# Supplied data:
---------------

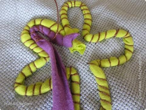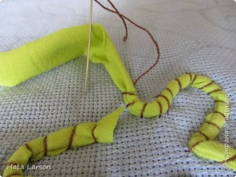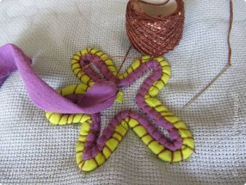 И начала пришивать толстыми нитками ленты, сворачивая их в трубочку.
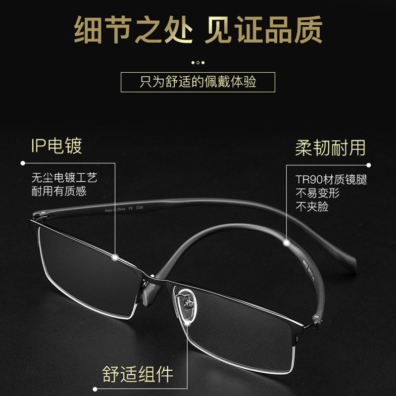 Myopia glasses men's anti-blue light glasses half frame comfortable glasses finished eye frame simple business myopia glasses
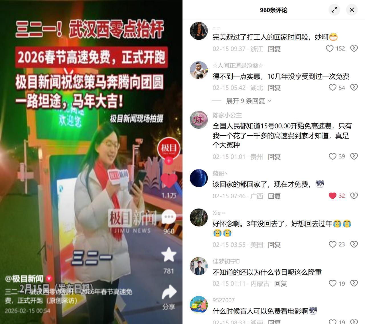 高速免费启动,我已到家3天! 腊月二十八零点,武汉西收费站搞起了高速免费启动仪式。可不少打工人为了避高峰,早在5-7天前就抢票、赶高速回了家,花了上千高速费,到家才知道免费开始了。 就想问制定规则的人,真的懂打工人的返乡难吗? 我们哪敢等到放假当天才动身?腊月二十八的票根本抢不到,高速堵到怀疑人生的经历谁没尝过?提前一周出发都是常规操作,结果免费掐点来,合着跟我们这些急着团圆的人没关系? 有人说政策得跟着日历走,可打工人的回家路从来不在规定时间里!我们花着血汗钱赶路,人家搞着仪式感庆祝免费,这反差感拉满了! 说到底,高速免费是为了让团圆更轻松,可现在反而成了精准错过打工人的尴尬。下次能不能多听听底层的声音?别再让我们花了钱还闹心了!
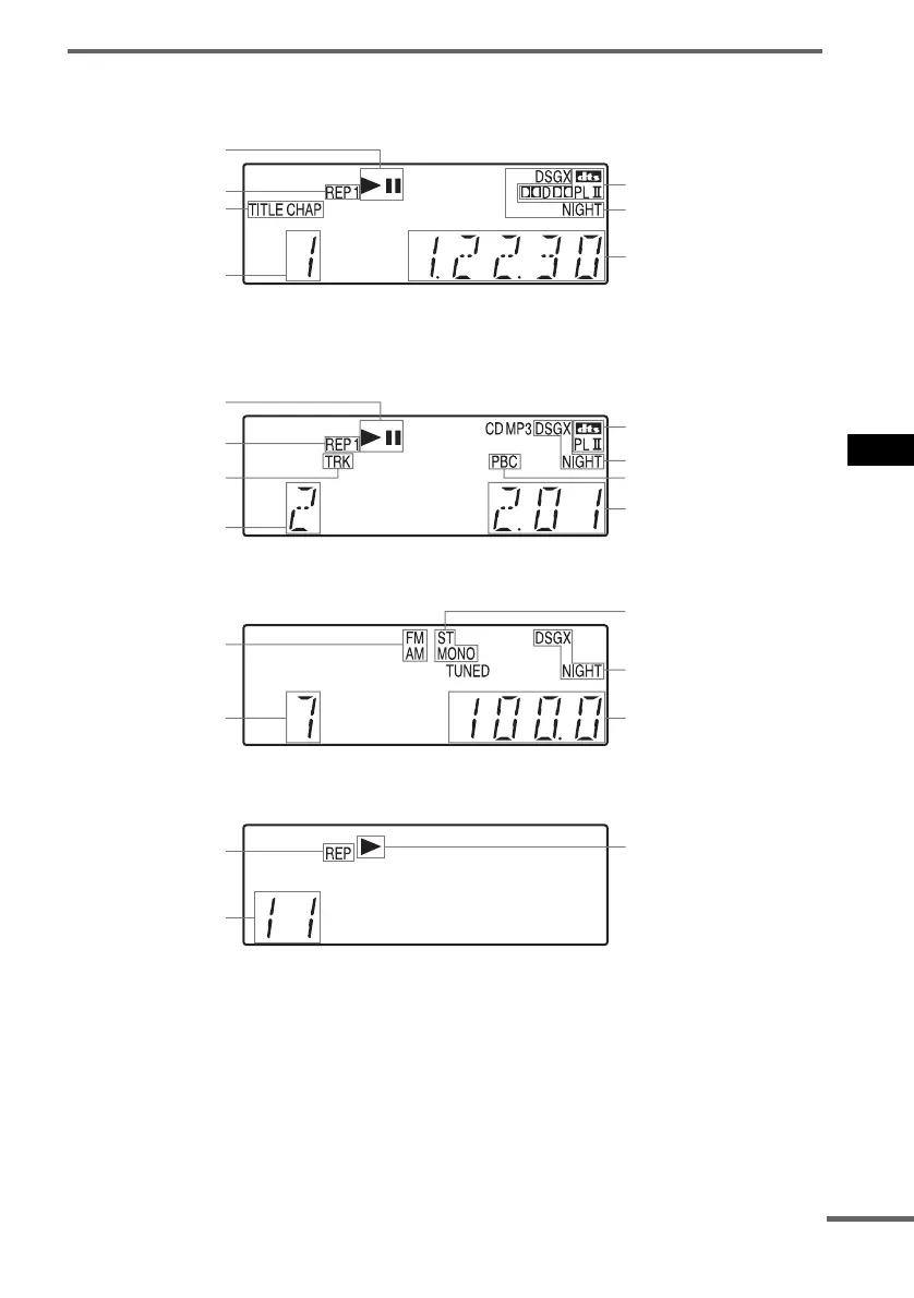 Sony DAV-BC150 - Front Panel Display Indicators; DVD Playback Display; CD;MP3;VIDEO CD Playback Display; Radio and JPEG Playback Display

---------------

# Instructions for the task:
What you return should be the exact lines from the one containing "Myopia glasses men's" through the end of the listing above, both included, minus any pictures.

# Task output:
 Myopia glasses men's anti-blue light glasses half frame comfortable glasses finished eye frame simple business myopia glasses
 高速免费启动,我已到家3天! 腊月二十八零点,武汉西收费站搞起了高速免费启动仪式。可不少打工人为了避高峰,早在5-7天前就抢票、赶高速回了家,花了上千高速费,到家才知道免费开始了。 就想问制定规则的人,真的懂打工人的返乡难吗? 我们哪敢等到放假当天才动身?腊月二十八的票根本抢不到,高速堵到怀疑人生的经历谁没尝过?提前一周出发都是常规操作,结果免费掐点来,合着跟我们这些急着团圆的人没关系? 有人说政策得跟着日历走,可打工人的回家路从来不在规定时间里!我们花着血汗钱赶路,人家搞着仪式感庆祝免费,这反差感拉满了! 说到底,高速免费是为了让团圆更轻松,可现在反而成了精准错过打工人的尴尬。下次能不能多听听底层的声音?别再让我们花了钱还闹心了!
 Sony DAV-BC150 - Front Panel Display Indicators; DVD Playback Display; CD;MP3;VIDEO CD Playback Display; Radio and JPEG Playback Display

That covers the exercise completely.